In the social media activity from 2014, “Khan accused Israel of being an ‘illegal’ genocidal state that routinely murders children and other Palestinian civilians,” the Daily Caller reported. The news website was apparently the first outlet to uncover the tweets. According to the Jerusalem Post, she also accused Israel of torture, murder, and rape.
In a Twitter message yesterday, Amena Khan announced that she would no longer participate in the newly launched ad campaign for the world’s largest cosmetics maker because the controversy over the tweets had become too much of a distraction.
Khan expressed regret for the tweets, which she has deleted, and apologized to anyone who might be offended (see message embedded below). She added that she remains a champion of diversity and harbors no discriminatory feelings toward anyone.
According to Vogue UK, Amena Khan is a Muslim woman who began wearing a headscarf in her 20s.

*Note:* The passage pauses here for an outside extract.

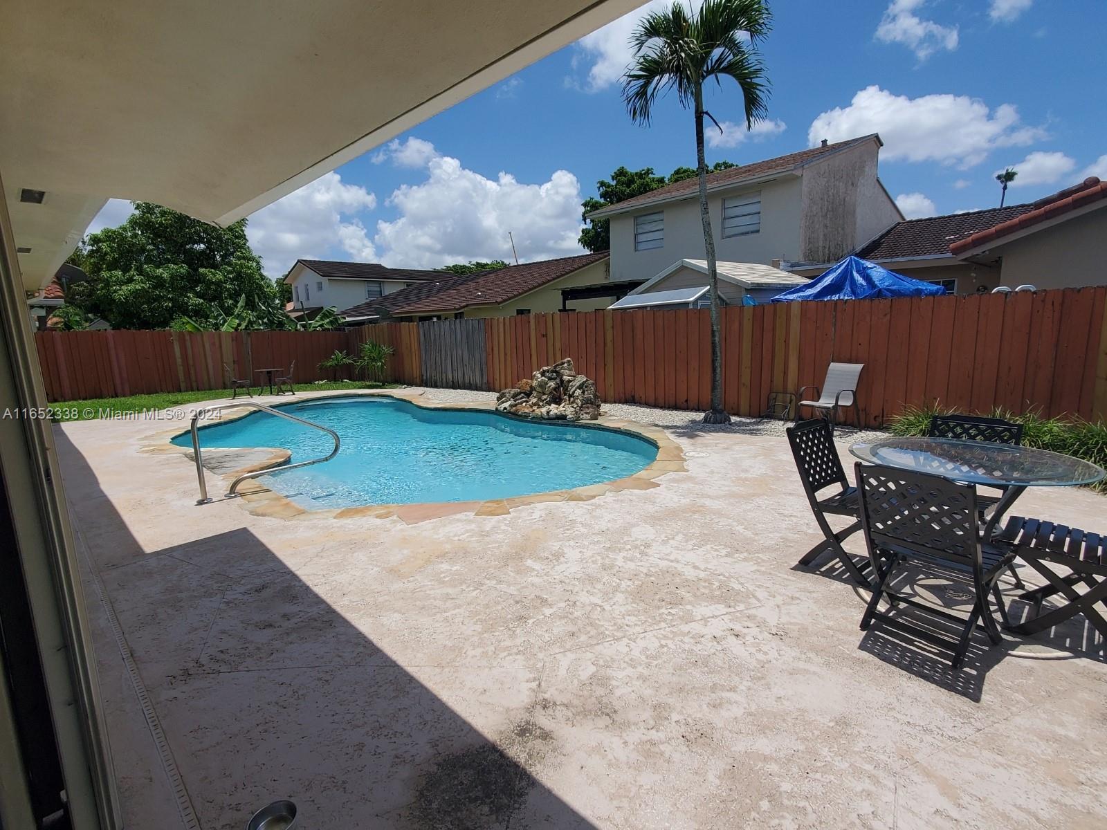 Fantastic Opportunity in highly sought after neighborhood close to FIU. This home has a great floorplan and has been well maintained. With 4 bedrooms and 3 bathrooms, there is plenty of room for everyone. Features include high vaulted ceilings, large spaces, tile floor in main areas, conversation pit, laundry room, family room with wet bar and more.

L’Oreal Paris released a statement about Amena Khan pulling out of the Elvive campaign, BBC News reported.
“We have recently been made aware of a series of tweets posted in 2014 by Amena Kahn, who was featured in a UK advertising campaign. We appreciate that Amena has since apologized for the content of these tweets and the offense they have caused. L’Oreal Paris is committed to tolerance and respect towards all people. We agree with her decision to step down from the campaign.”
Khan, who has previously appeared in L’Oreal campaigns, was set to appear in this particular campaign as the face of the Pink One, “which aims to boost and shine dull hair,” People explained.
“Whether or not your hair is on display doesn’t affect how much you care about it,” Amena Khan said in the original ad, CNN noted.
In September 2017, L’Oreal found itself in another controversy after hiring and then firing its first transgender model, who was going to appear in its diversity promoting advertising initiative called the True Match campaign.
In a Facebook post written in the aftermath of the Charlottesville incident, the model accused all white people of being racist. L’Oreal said that it ended its partnership with the model because the comments were at odds with its values.